Self-hosted E2E encryption via Matrix might be one way: https://matrix.org/docs/matrix-concepts/end-to-end-encryptio...
>Selfhosting?

I presumed self hosting a chat service becomes illegal with these laws?

There is this in the table:

"All services normally provided for remuneration (including ad-funded services) are in scope, without no threshold in size, number of users etc."

"Only non-commercial services that are not ad-funded, such as many open source software, are out of scope"
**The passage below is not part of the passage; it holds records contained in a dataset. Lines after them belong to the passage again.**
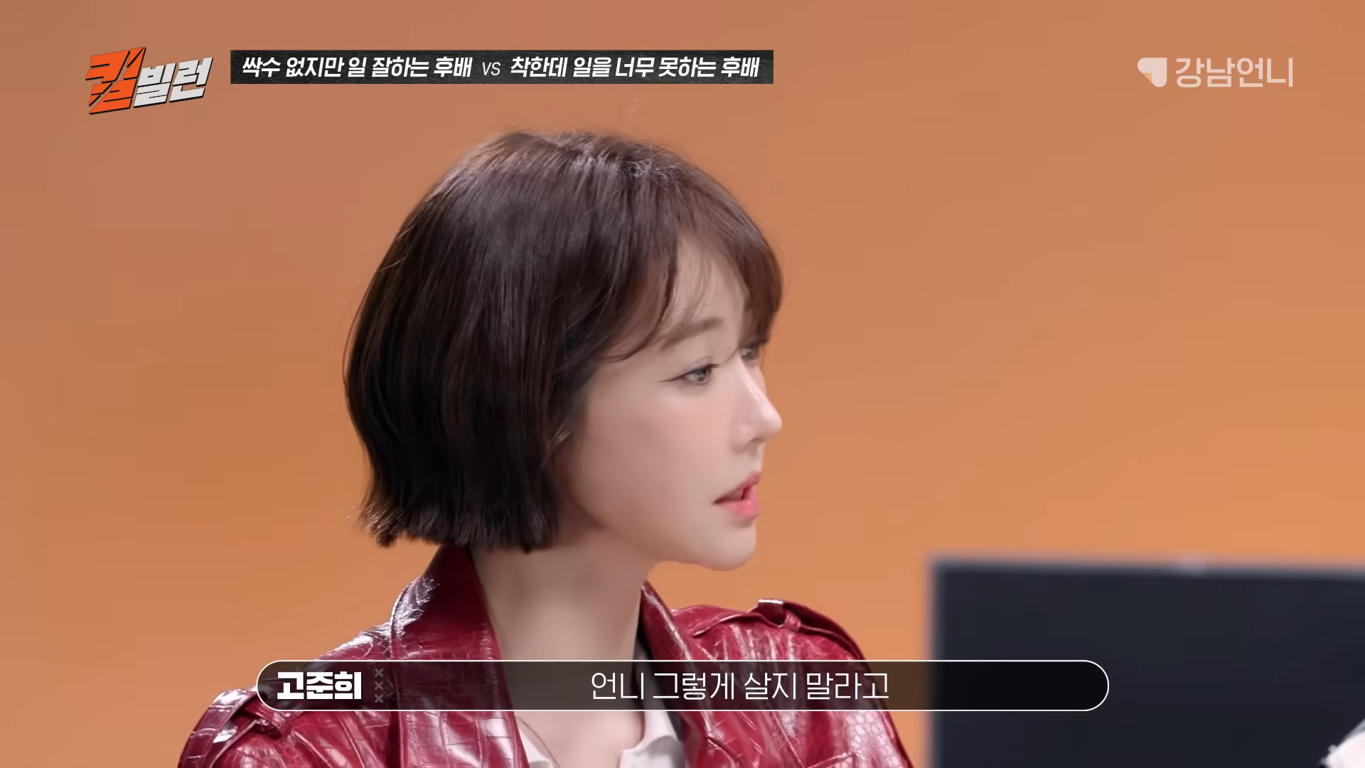 고준희는 23일 유튜브 채널 ‘강남언니’에 공개된 ‘같이 일하기 힘든 유형’이라는 제목의 영상에 코미디언 김원훈, 방송인 풍자, 인플루언서 안지민이 출연해 ‘최악의 직장 빌런’을 주제로 대화를 나눴다.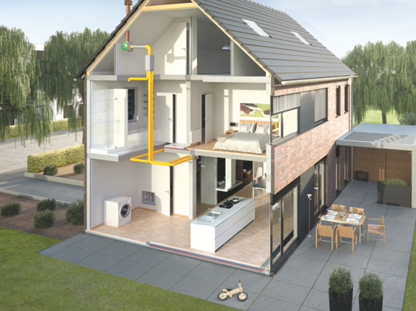 Balanced ventilation has a number of advantages when compared to mechanical ventilation. With balanced ventilation, the heat recovery system ensures that the heat already in your house is reused. So you save in heating costs. And the fresh air from outside is filtered before it enters your home, so you always have healthy air in the house. Unlike mechanical ventilation, balanced ventilation has no grills in the windows. So you won't suffer from cold or draughts in your home either.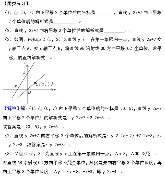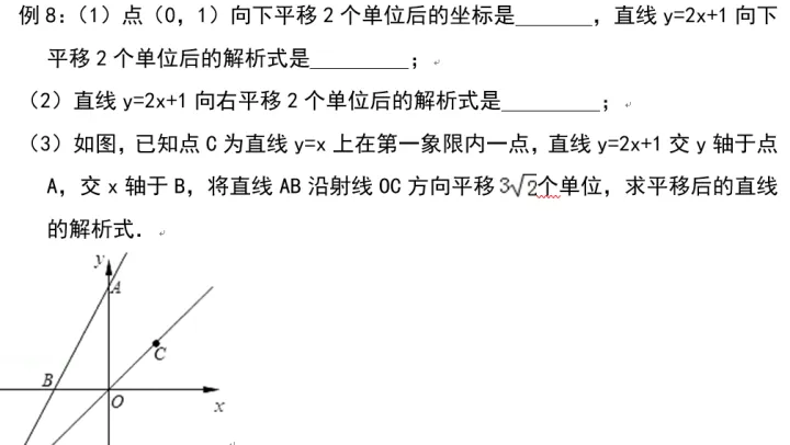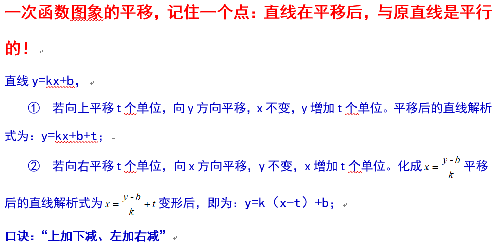 【小结】初中阶段,平面直角坐标系中的平移问题就这么多,简单的就是水平和竖直方向的平移,但是要把点和函数的平移区分开。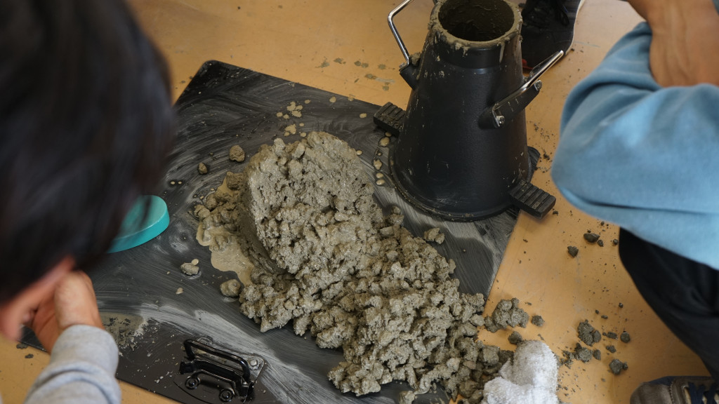 まず、トロ舟の中にセメント、水、骨材(砂、砂利)等を投入してから、シャベルでかき混ぜて試験体となるコンクリートをつくります。続いて、「スランプコーン」と呼ばれる、鋼製の枠にコンクリートを3層に分けて詰めて、それぞれの層を25回ずつ突き棒で突きます。最後に「スランプコーン」を垂直に引き上げて、上面からのコンクリートの下がり具合(スランプ値)を測定尺で測定します。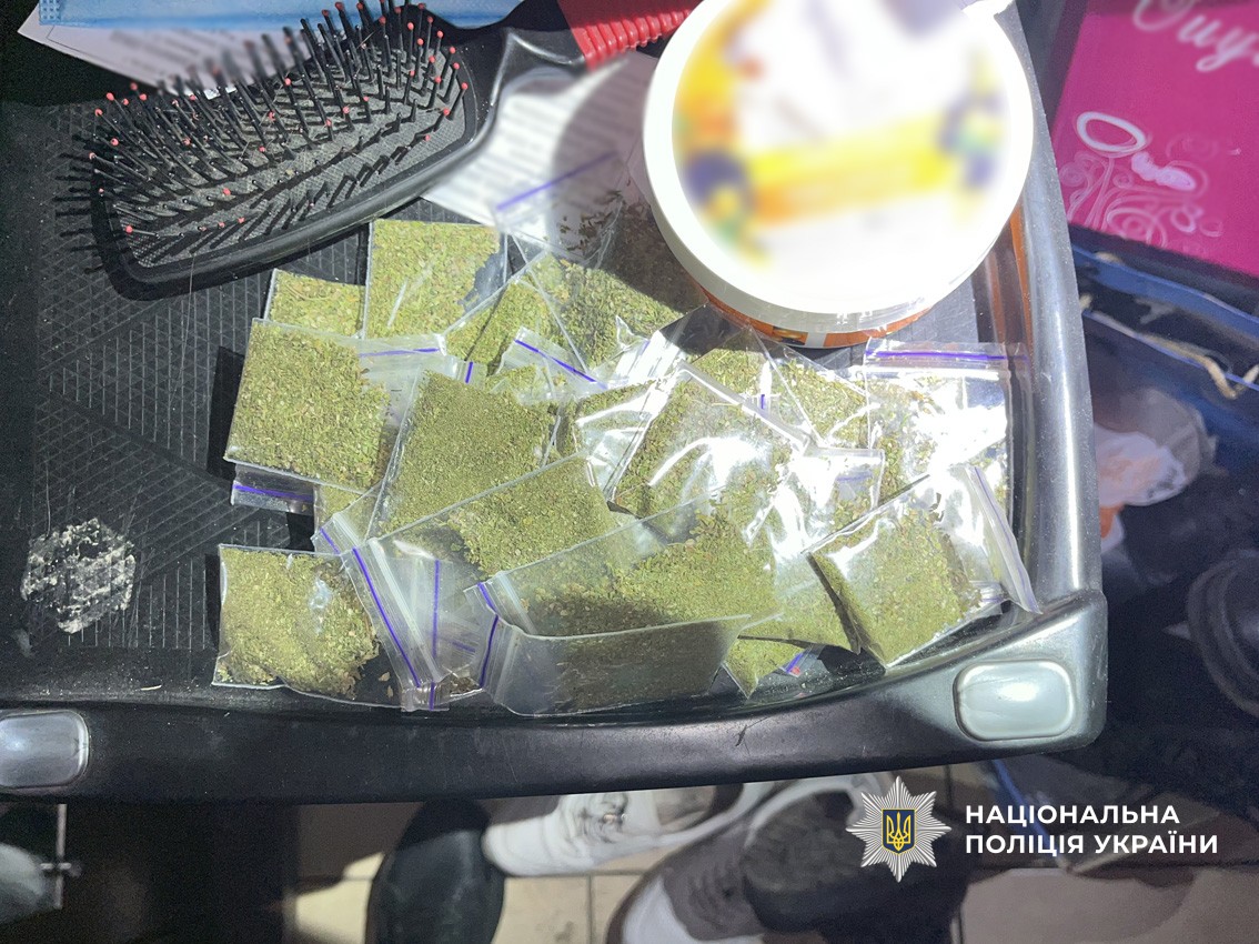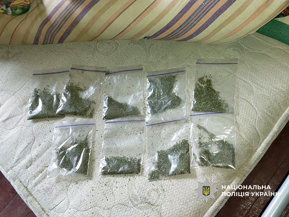 В ході обшуків поліцейські виявили та вилучили сумарно понад пів сотні зіп-пакетів з розфасованими наркотиками рослинного походження та два пакети такої ж речовини, підготовленої до фасування. Також вилучено значний запас пакувальних засобів, електронні ваги та посуд з нашаруваннями рослинної речовини, пристрої для споживання наркотиків, готівкові кошти у вітчизняній та іноземній валютах, банківські картки, блокнот з чорновими записами, інші речові докази злочинної діяльності. Вилучене направлено на проведення експертних досліджень.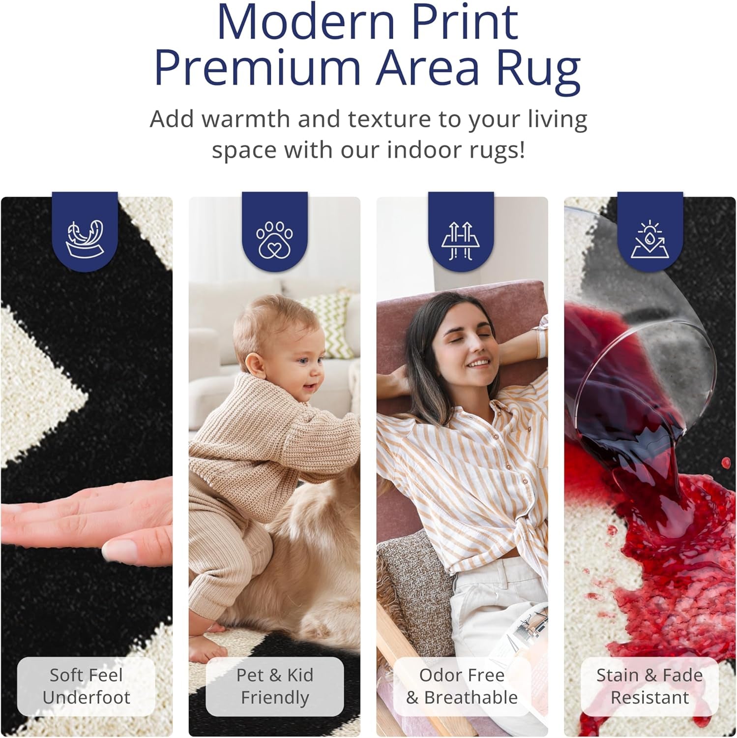 Modern Minimalist Area Rug – Beige & Black Abstract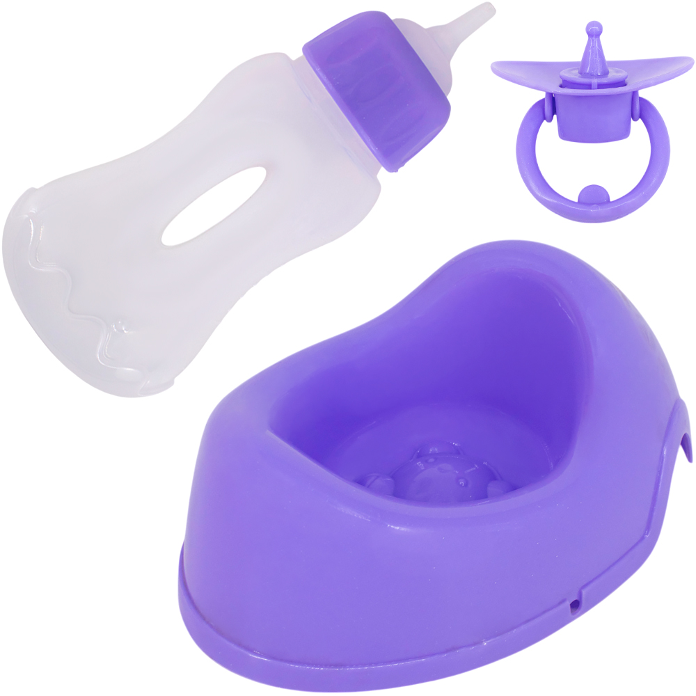 Комплектация: пупс - 1 шт, аксессуары: бутылочка - 1 шт, соска - 1 шт, горшок - 1 шт, переноска - 1 шт.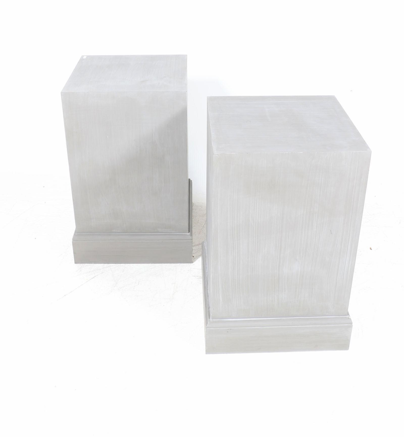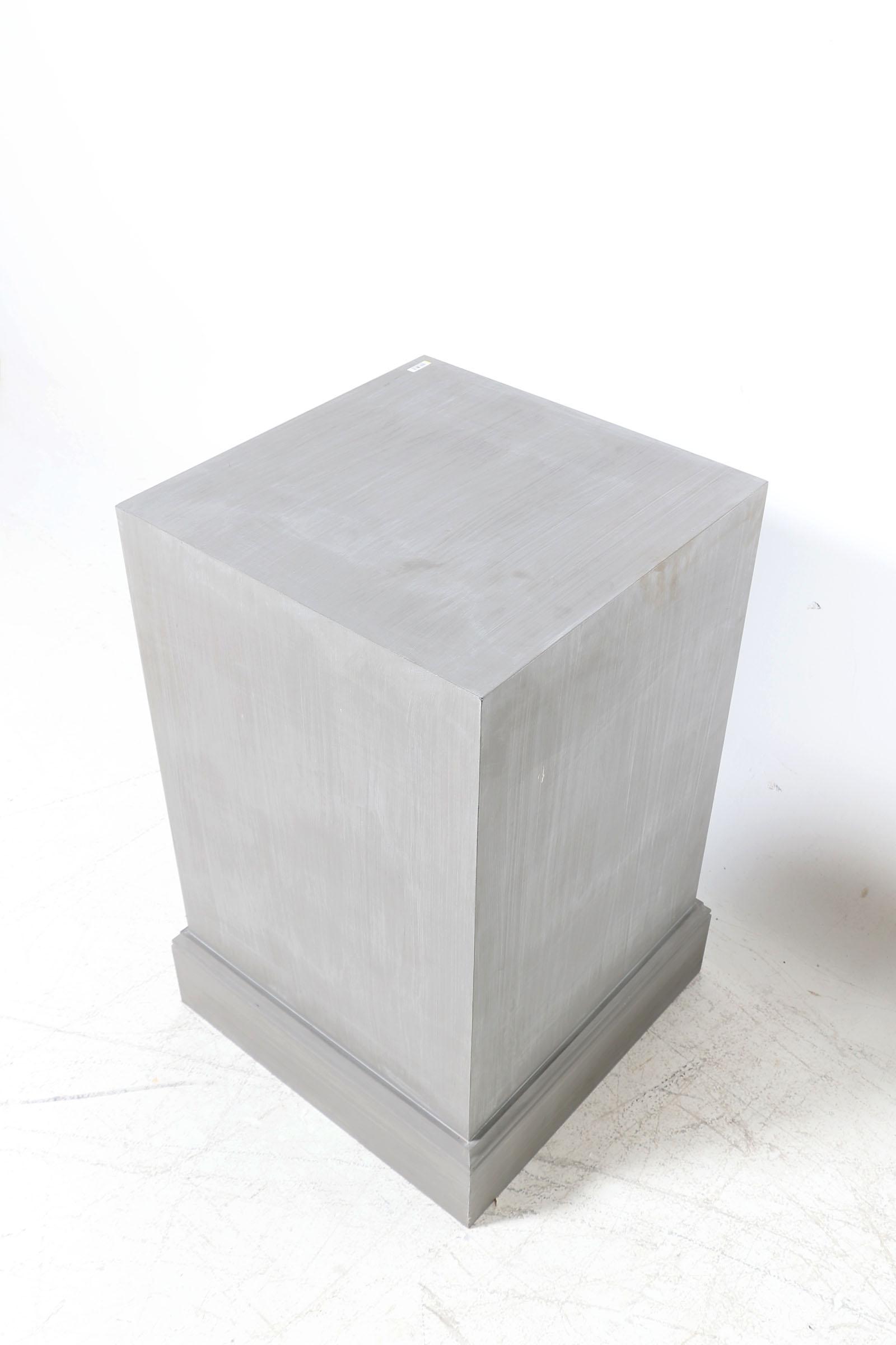 Set van 2 grijs houten presentatie sokkels, h.77 x b.46 x d.46 cm.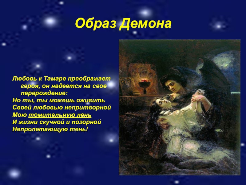 Любовь к Тамаре преображает героя, он надеется на свое перерождение: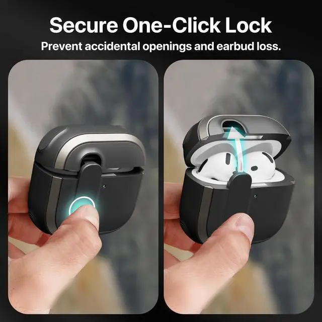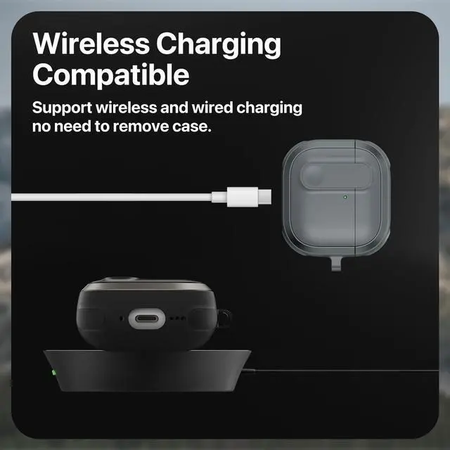 Odyssey AirPods 4 case with lock is compatible with most charging method. ^^ [Locking Mechanism & One-Touch Lid Opening] - The Odyssey AirPods 4 locking case prevents accidental lid openings and potential loss of your AirPods. Access them easily with a single press, providing a smooth, auto-open experienceeffortless and ready whenever you need it. ^^ [Come with Robust Carabiner Hook] - Conveniently attach your AirPods 4 to a backpack or belt loop using the included metal carabiner keychainyour AirPods are always secure and ready to go wherever you are. Get your rugged, protective, and versatile AirPods 4 case now!

Weird right? But it would be weirder if they would outlaw the application of mathematical operations on your own messages... oh wait that's what they are proposing... Try and stop me. Are they going to put me in jail because I don't want them to read messages between me and my friends or my wife?

> Are they going to put me in jail because I don't want them to read messages between me and my friends or my wife?

Them: "If you don't show us your messages, you are probably going to jail. So if you don't change your mind, and end up in jail without having shown us your messages, that means whatever was in those messages was way worse than going to jail. You probably knew you were going to get a longer sentence if you showed us those messages, and preferred to go with a shorter sentence of 'refusing to collaborate'."

"I forgot the password, sorry". I really do not hope they will start putting people in jail for being forgetful.
Oh dear don't give them ideas. I know like one password by heart if someone tries to force me to write it down.
Yeah, it's my Bitwarden password for me... So the $5 wrench will be very effective.